Using the parametric models, however, we can more easily estimate potential outcomes under other intervention scenarios, as shown below.

# other intervention scenarios 

# natural course 
natural_course <- predict(y_model, 
                   newdata = data_sim, 
                   type = "response")

# treated only at time 0 
treated_time0 <- predict(y_model, 
                   newdata = data_sim %>% 
                     mutate(a0 = 1,
                            a1 = 0), 
                   type = "response")

# treated only at time 1 
treated_time1 <- predict(y_model, 
                   newdata = data_sim %>% 
                     mutate(a0 = 0,
                            a1 = 1), 
                   type = "response")

potential_y <- data.frame(
  a0 = c(1, 0, "natural course"),
  a1 = c(0, 1, "natural course"), 
  potential_outcome = c(mean(treated_time0), mean(treated_time1), mean(natural_course)))

The results from other interventions are reported below.

a0a1potential_outcome
10121.4661
01128.4396
natural coursenatural course124.9453

Parametric models used in this paper, such as generalized linear models, assume a linear relationship between the covariates ($A, Z$) and the response variable ($Y$). This linearity is modeled either directly through the parameters or indirectly through a transformation facilitated by a link function. While effective under certain conditions, these models are limited by their assumption of linearity and may lead to biased estimates if any of these models are misspecified, as illustrated in our example. Machine learning modeling, which can accommodate more complex, non-linear relationships, offers a flexible alternative to traditional parametric modeling

Switch to Marginal Structural Models (MSM)

To further enhance our analysis, we turn to marginal structural models (MSM). These models map the marginal summary (e.g., average) of potential outcomes to the treatment trajectories and parameters of interest, $\tau$. Thus, they require far less modeling for time-varying variables than approaches like the g-formula, which necessitates modeling for $P(Z_1 = z_1 | A_0 = a_0)$, in our example. The next tutorial will cover steps to fit marginal structural models for our causal question (always treated vs. never treated).

  1. Naimi, A. I., Cole, S. R., & Kennedy, E. H. (2017). An introduction to g methods. International journal of epidemiology, 46(2), 756-762. 

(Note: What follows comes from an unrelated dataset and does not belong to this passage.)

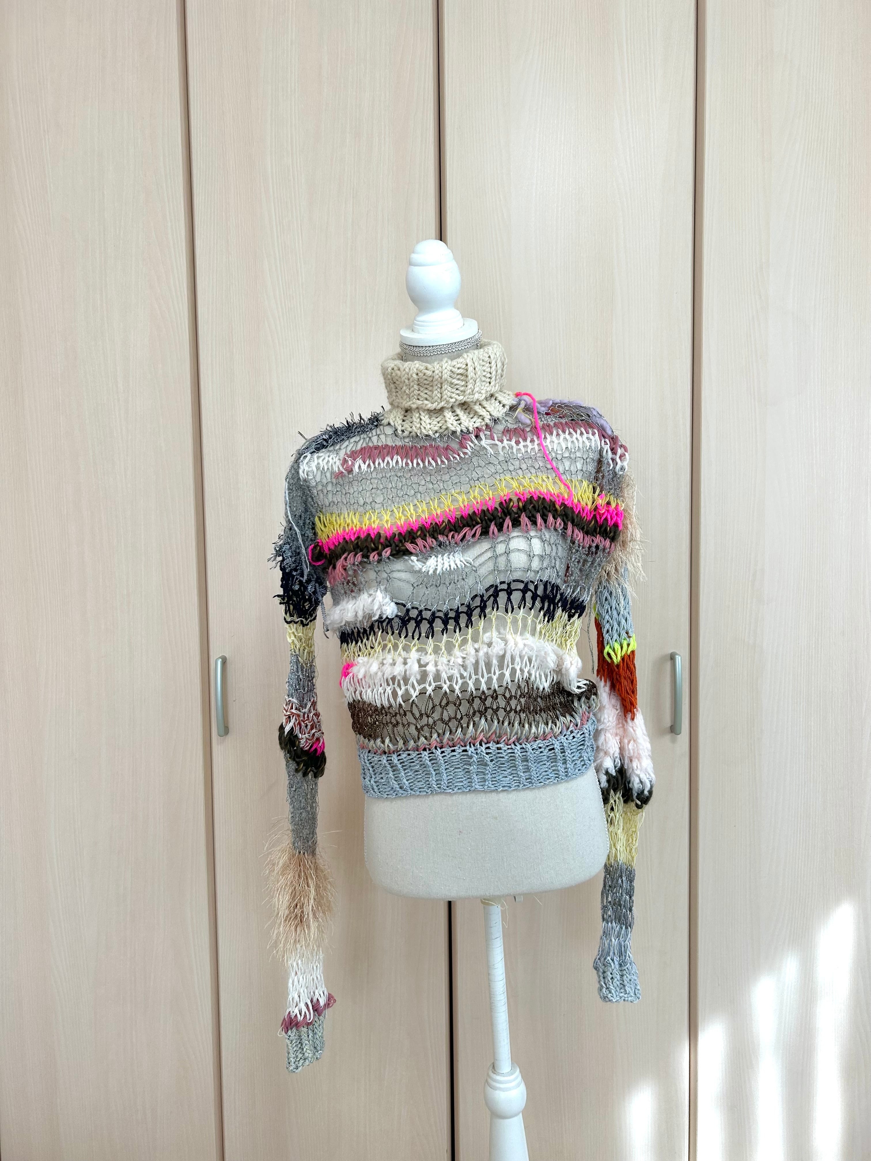 編み物のアイテムには、多少のサイズの違い、お色味の違い、網目のズレなどがある事がございます。

  2. My two cents: the term marginal in plain English usually means of less importance. But in our context, the term marginal is used to indicate population level outcome in contrast to individual level outcome. In some sense, it might make sense because it would be best if we are able to estimate individual treatment effects. As it is often not very feasible, we instead rely on population level estimates, which could be less important in some sense. However, considering that the population encompasses all individuals, it can sometimes be puzzling why we refer to it as marginal, as it is certainly bigger!